Summertime 1898, a group of 200 Ute Indians traveled from their reservation to their ancestral hunting grounds of Colorado. The newspaper account reported they journeyed there “to hunt a moon”—or a month long period. To enforce the new state’s forestry laws protecting wildlife, the US Army was mobilized. The Ute hunting party conferred, and with the intimidating threat of US soldiers looming, the Ute acquiesced, and were escorted under armed guard back to their reservation. After almost 7,000 moons, this was one of the Ute’s last hunting party on their native lands.
To Hunt a Moon Series is composed of recent wintertime photos of Colorado ranch lands and mountains. They are paired with a 1910 vintage moon map by Walter Goodacre, from NASA’s moon cartography files, and from the Apollo astronaut photo archives.
Summertime lasts about three moons at this high Colorado elevation. The rest of the year the lands can be covered with snow resembling a lunar landscape. Standing on the moon and staring up at 12,000’ of Mt. Hadley, one of the astronauts radioed back to Houston and ruminated, “This reminds me skiing Squaw Valley.”
The images of this series are arranged, grouped, and collaged together melding the form and contours of the lunar topography with the snow covered hills and cattle pastures of Colorado. Purposeful color shifts and imprints of fencing straddle and blur the line between the lunar and the terrestrial.
Barbed wire, split rail, and electric fences etch dark lines that roll for miles through the stark snow white blanketed grazing lands.
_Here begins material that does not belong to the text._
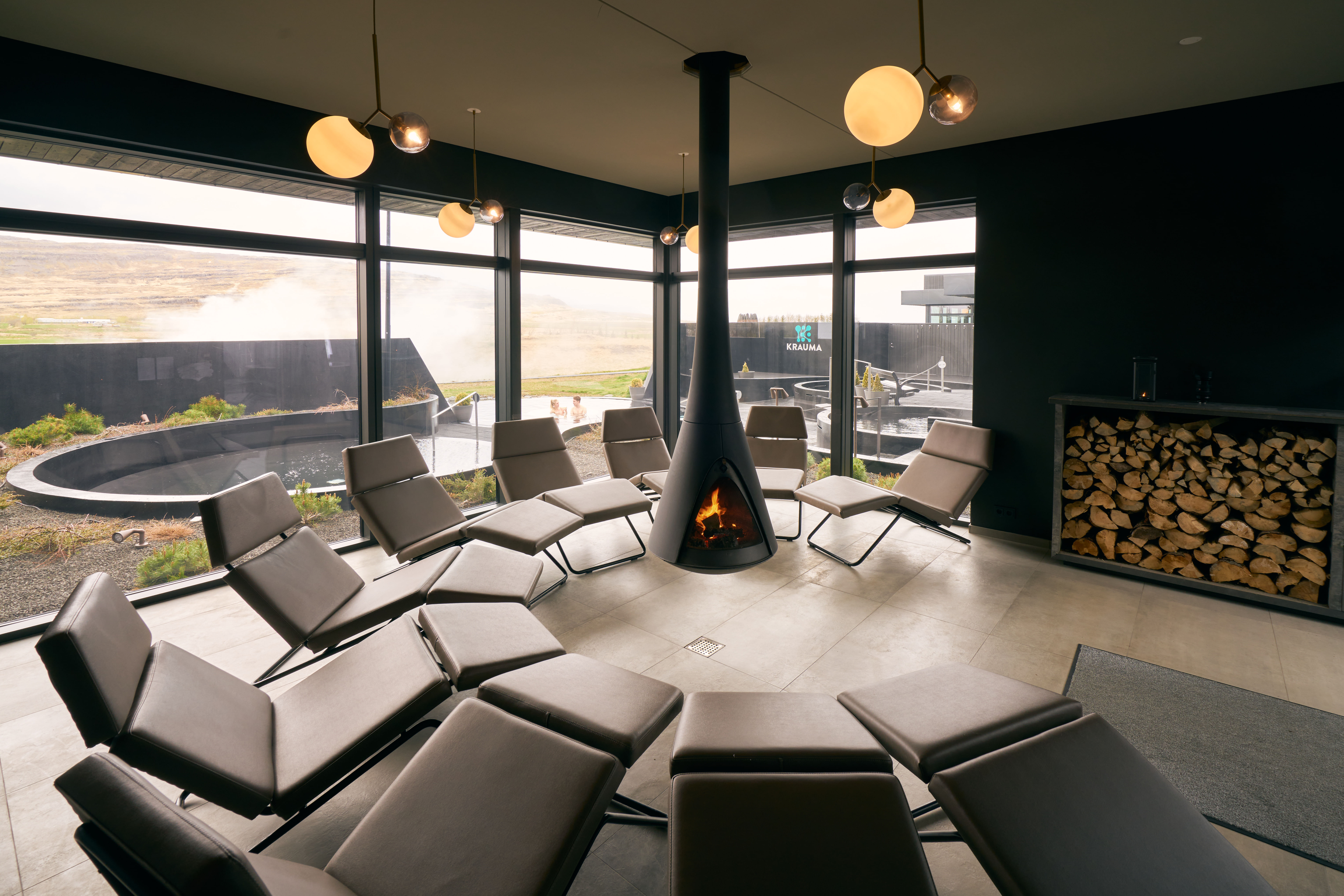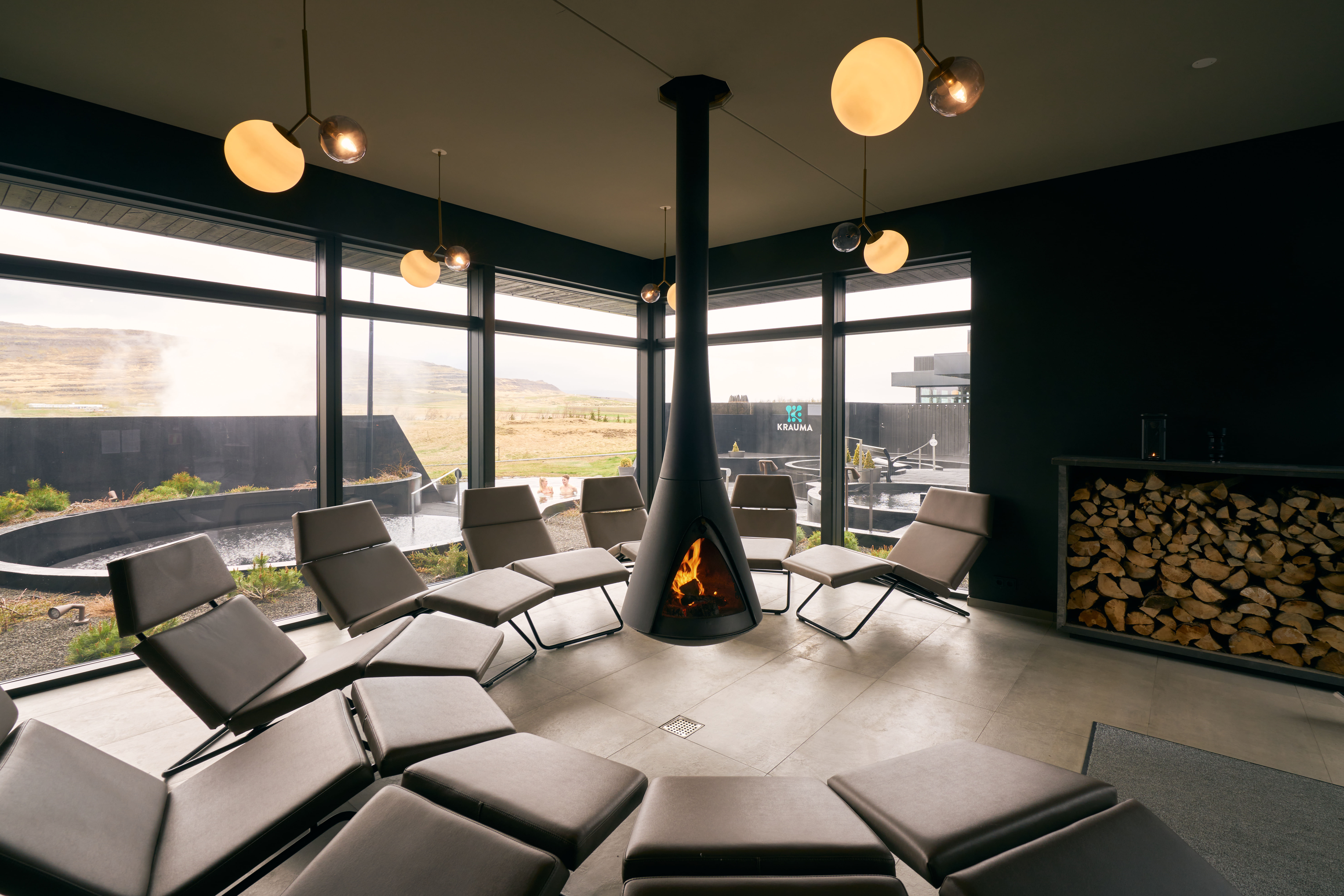 Krauma offers five relaxing natural geothermal baths, a cold tub to get your blood circulation going, steam room, Infrared cell and a relaxation room where you can rest by the fireplace while listening to soothing music.
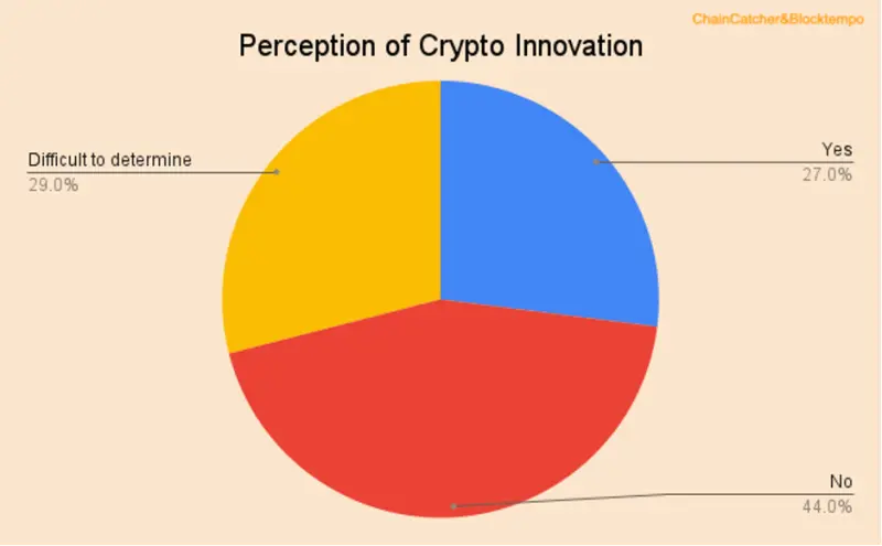 44% of investors believe they haven’t seen significant innovations in the Crypto industry this year, 29% find it difficult to describe, and 27% believe they have seen significant innovations.

They clearly define the property boundaries parsing up the landscape demarcating land ownership—all backed by a deed on paper—a legal construct very abstract to the native peoples of just a 125 years ago.
Why were the Ute not being allowed on the lands where they always hunted?
The 1967 Outer Space Treaty states that no nation shall lay claim on any celestial body but legal experts say it may soon be broken.